● **WHAT YOU WILL DO**:
Beginning with the first line, retype exactly the records below up to and including the line with "Cukrové a čokoládové"; pictures do not belong in the copy.

Segment Start: RECORDS TO USE

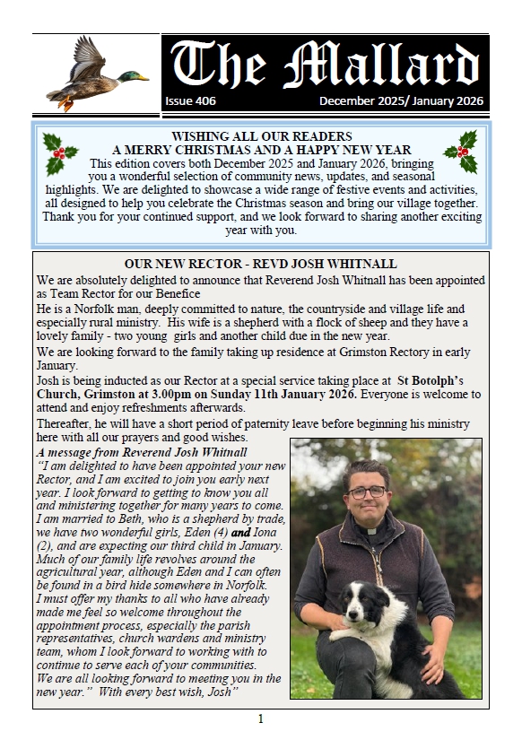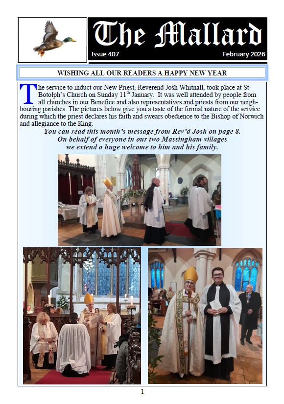 "THE MALLARD" is published every month and distributed free to the residents of Great and Little Massingham with the support of the Great Massingham Parish Council, the Parochial Church Council and Massingham Village Hall Committee. It includes news stories, notices, forthcoming events, church services, advertising for local businesses, and anything else that is felt to be of interest to Massingham residents.
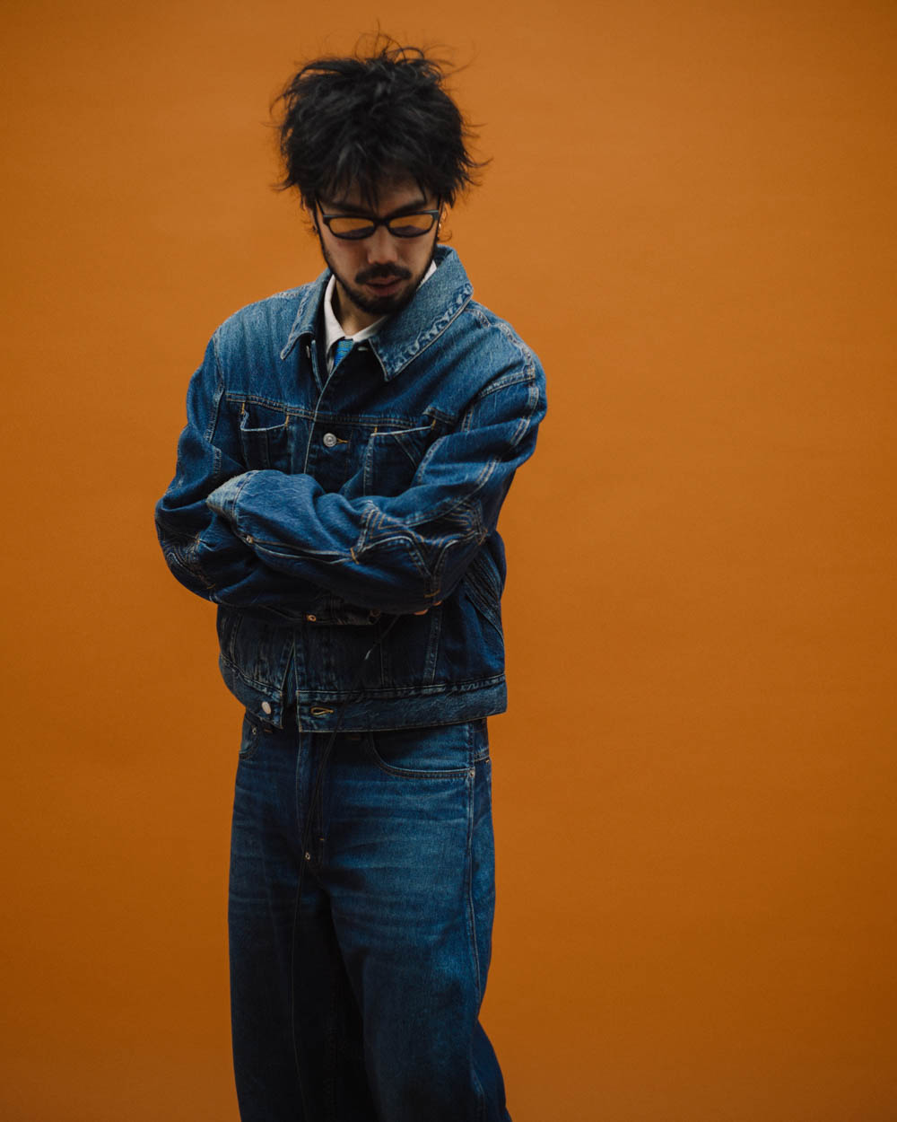 結實耐用且適應性強的丹寧布,逐漸成為許多藝術家的「第二層肌膚」。它不僅出現在創作的工作室裡,也隨藝術家走進畫廊開幕、媒體採訪、攝影現場,甚至進入上流社交場合。隨著丹寧在藝術家身上流動與轉化,它經常出現在意想不到的場域,並以顛覆傳統的穿搭方式呈現。於是,丹寧成為一種多變且低調的反叛,一種民主、大量普及的布料,卻能在充滿慣例和行為準則的空間中佔有一席之地。
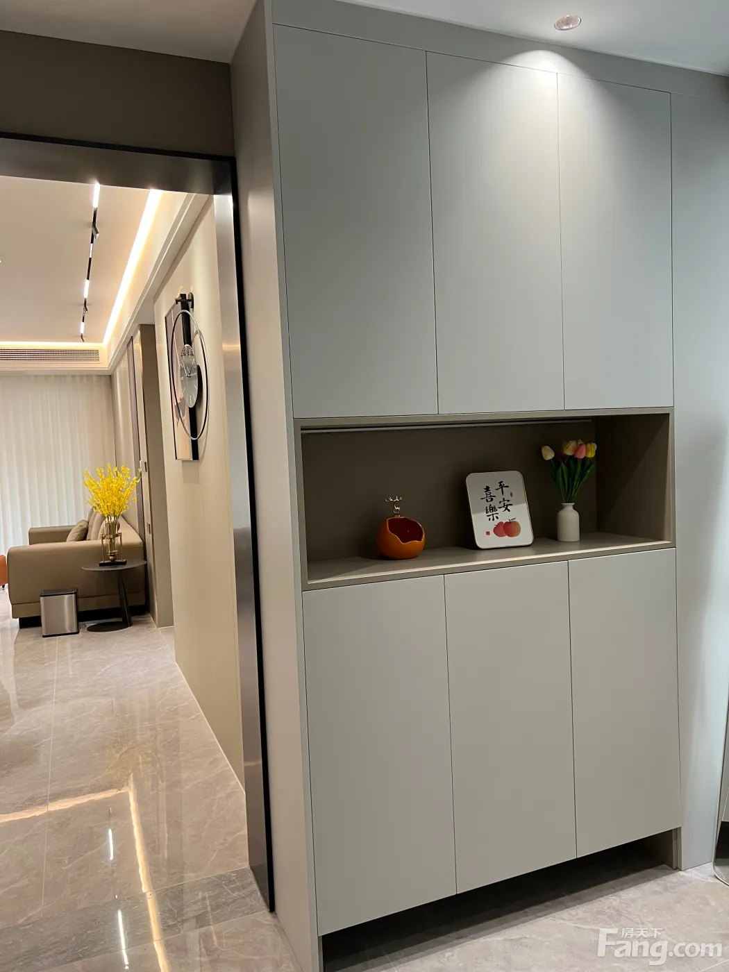 阳台望小区花园,楼距远,采光好。装修风格现代无主灯,装修材料都是采用高端材料,品质好保养好。
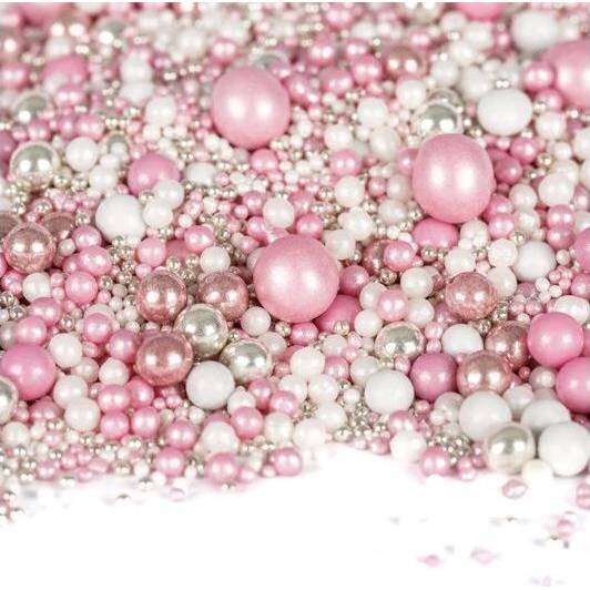 Cukrové a čokoládové perličky růžový mix. Balení 90 g. prečítať celé
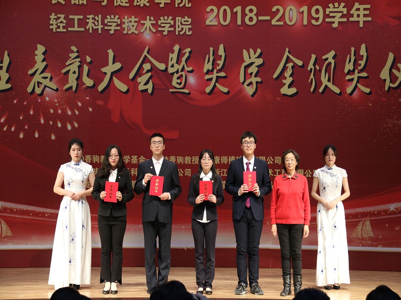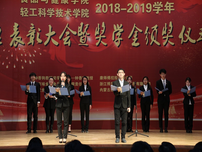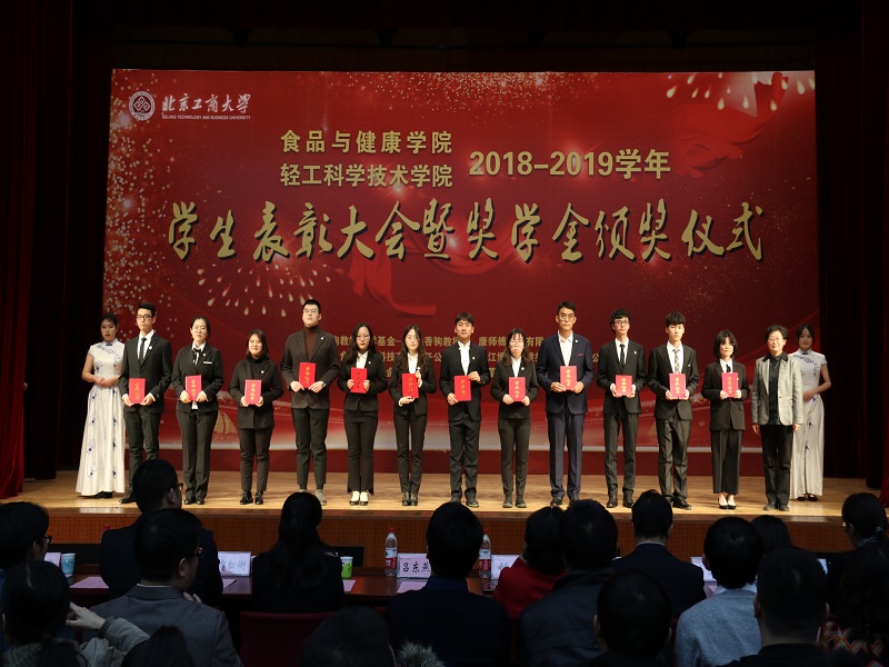 为深入推进“不忘初心、牢记使命”主题教育,弘扬爱国主义精神,表彰先进,树立榜样,世界杯网址、轻工科学技术学院于12月11日在阜成路校区举办2018—2019学年员工表彰大会暨奖学金颁奖仪式。钟香驹教授之女钟捷老师,北京味食源食品科技有限责任公司高级研发工程师彭秋菊女士,康师傅控股有限公司北京区董事/主任李宜霖女士,益海嘉里研发中心研究员贾松衡先生,益海嘉里研发中心人事行政部张驰先生,员工会、教育基金会办公室主任、秘书长吕东燕,研究生院副经理、研究生工作部副部长郭新愿,公司领导、经理助理、各(系)室主任、班主任、辅导员、受表彰员工代表、各年级员工代表等共计700余人参加大会。

Segment End: RECORDS TO USE

● **RESPONSE TO THE TASK**:
 "THE MALLARD" is published every month and distributed free to the residents of Great and Little Massingham with the support of the Great Massingham Parish Council, the Parochial Church Council and Massingham Village Hall Committee. It includes news stories, notices, forthcoming events, church services, advertising for local businesses, and anything else that is felt to be of interest to Massingham residents.
 結實耐用且適應性強的丹寧布,逐漸成為許多藝術家的「第二層肌膚」。它不僅出現在創作的工作室裡,也隨藝術家走進畫廊開幕、媒體採訪、攝影現場,甚至進入上流社交場合。隨著丹寧在藝術家身上流動與轉化,它經常出現在意想不到的場域,並以顛覆傳統的穿搭方式呈現。於是,丹寧成為一種多變且低調的反叛,一種民主、大量普及的布料,卻能在充滿慣例和行為準則的空間中佔有一席之地。
 阳台望小区花园,楼距远,采光好。装修风格现代无主灯,装修材料都是采用高端材料,品质好保养好。
 Cukrové a čokoládové perličky růžový mix. Balení 90 g. prečítať celé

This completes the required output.